Palindromes as Computational Practice

Purposes:

1. 1. To Promote interest in mathematics
2. 2. To provide practice in addition of whole numbers in a context other than pure drill

I. What is a palindrome?

• A palindrome is something, which when written backwards or forwards, is the same thing.
• A palindrome may be a word such as mom, pop, sis, toot, or radar.
• Some more ardent palindromists have have developed long phrases or sentences that are palindromes. Some examples are:

  1. Madam, I'm Adam.

  2. Palindromists looked diligently for an appropriate response, but for a long time the best they could muster was "Sir, I'm Iris."

  3. Finally, some palindromist came up with "Even am I, man, Eve." Sure, it's convoluted, but it is a palindrome.

  4. Do nine men interpret? Nine men, I nod.

  5. A man, a plan, a canal: Panama.

  6. One of the best is Napolean's lament when he was banished from France to the Isle of Elba: "Able was I ere I saw Elba."

II. Number Palindromes

Number palindromes, unlike sentence palindromes, are easy to make. All you have to do is just to write down a number palindrome. However, the thing that makes number palindromes useful is having them arise through computation. This is the way palindromes provide practice in computation in a context other than repetitive drill. Here are some ways to do this:

1. 1. List the sequence of numbers 11x11, 111x111, 1111x1111, and so on until a palindrome does not result. Before you start, can you predict at what point the result will not be a palindrome? Here are the first three computations. See if you can find the pattern that is emerging.

   a. 11x11 = 121

   b. 111x111 = 12321

   c. 1111x1111 = 1234321

   2. List the sequence of numbers 11, 11 squared, 11 cubed, 11 to the fourth power, and so on ubtil you do not get a palindrome. Here are the first three computations:

   a. 11

   b. 11x11 = 121

   c . 11x11x11 = 1331

   3. The system leading to palindromes that provides the most practice in addition of whole numbers is this:

   a. Write down any whole number,

   b. Reverse the order of the digits.

   c. Add the two numbers.

   d. If this produces a palindrome, you are through.

   e. If this does not produce a palindrome, reverse the digits on your sum and add the new number to the number you just reversed.

   Example:

   78 + 87 = 165

   165 + 561 = 726

   726 + 627 = 1353

   1353 + 3531 = 4884 (Which is a palindrome.)

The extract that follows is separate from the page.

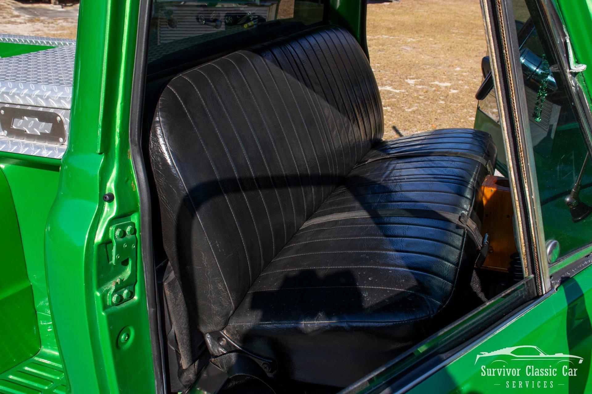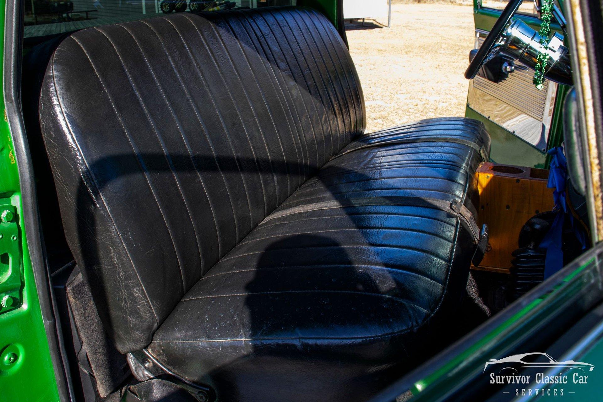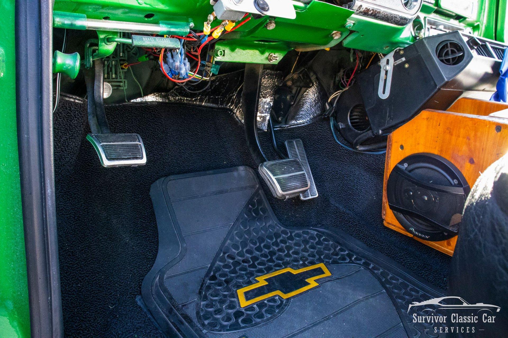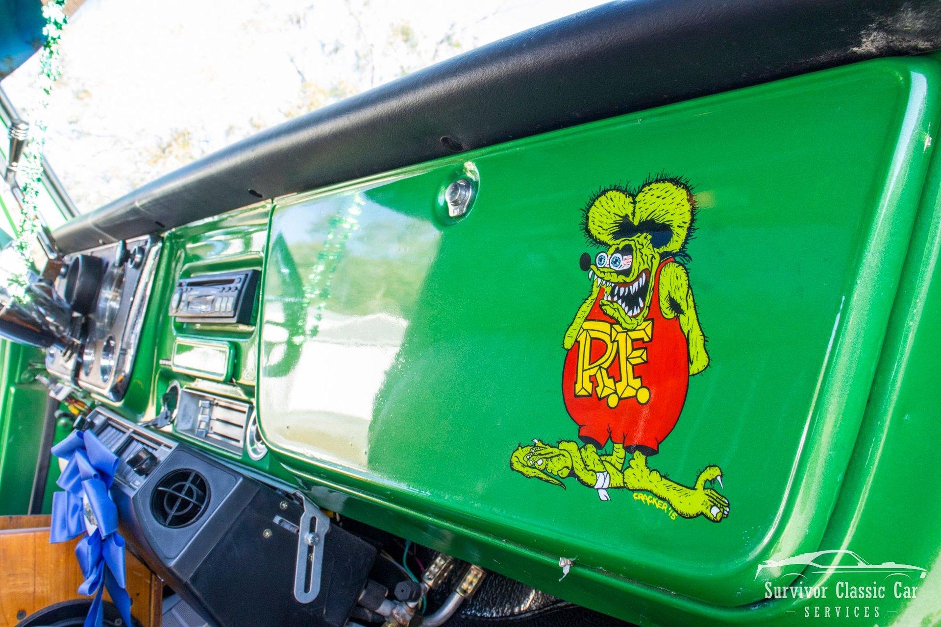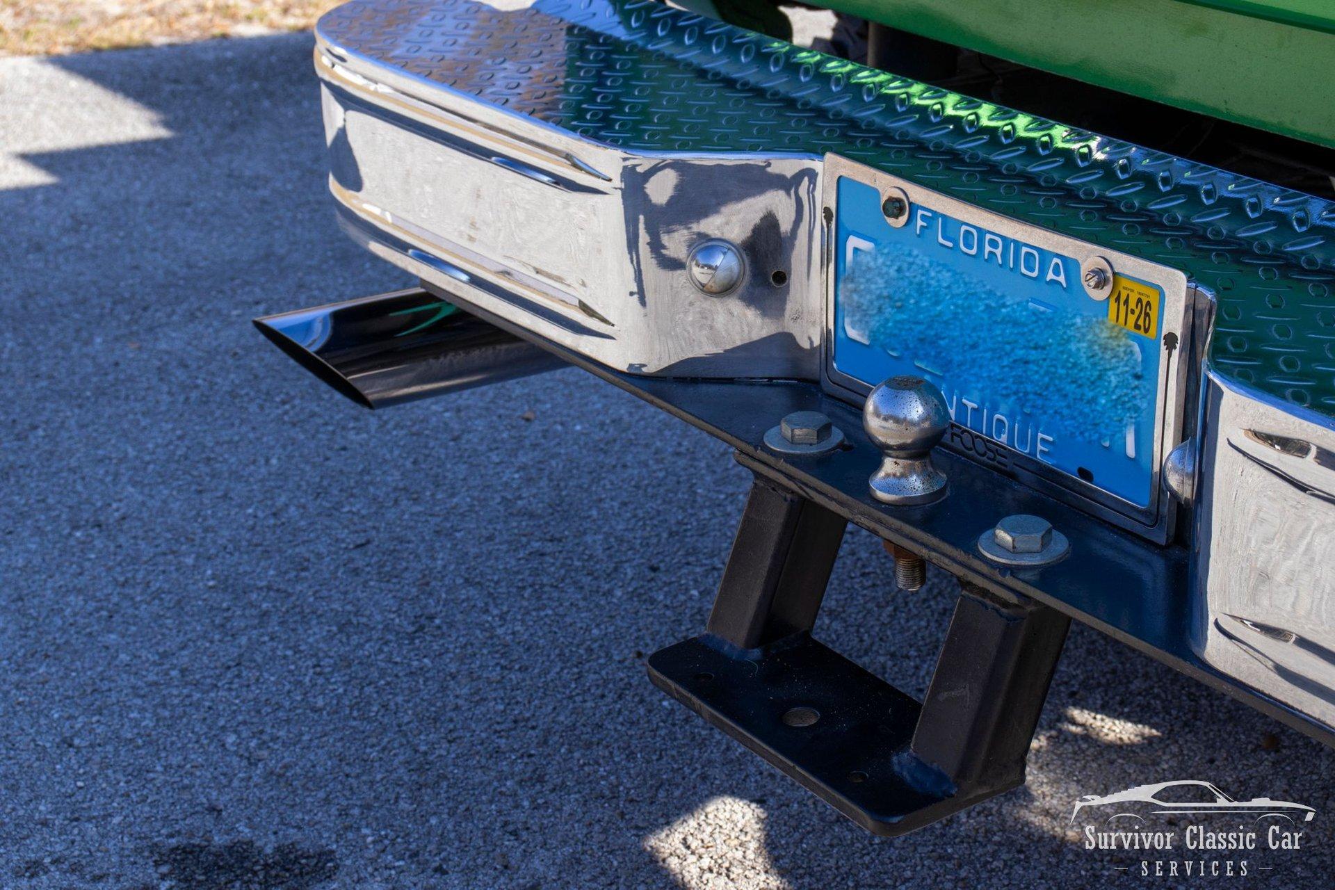 The Cabin matches the same styling as the exterior. From the Green Metallic painted dash to the Chrome Door Panels! The Steering wheel as been swapped over to a Forever Sharp Chrome 1/2-Wrapped with a Chrome Tilt Steering Column. Original Gauges for the Dash, but features a digital radio, an A/C Control Unit and a Custom handmade Wood Center Console.

A palindrome occurs much more quickly with some numbers, and takes much longer with others. A good computational exercise is to apply this process to all numbers from 80 through 100. Most of these choices are easy, but 89 is a scorcher. It finally becomes a 13 digit palindrome. Note that 98 is included in the above sequence, and a student should notice that 98 is the same as 89 for this process.

Note: Do not try 198. This number has been tried by a powerful computer and a palindrome has never been found. No one knows whether the process would eventually lead to a palindrome.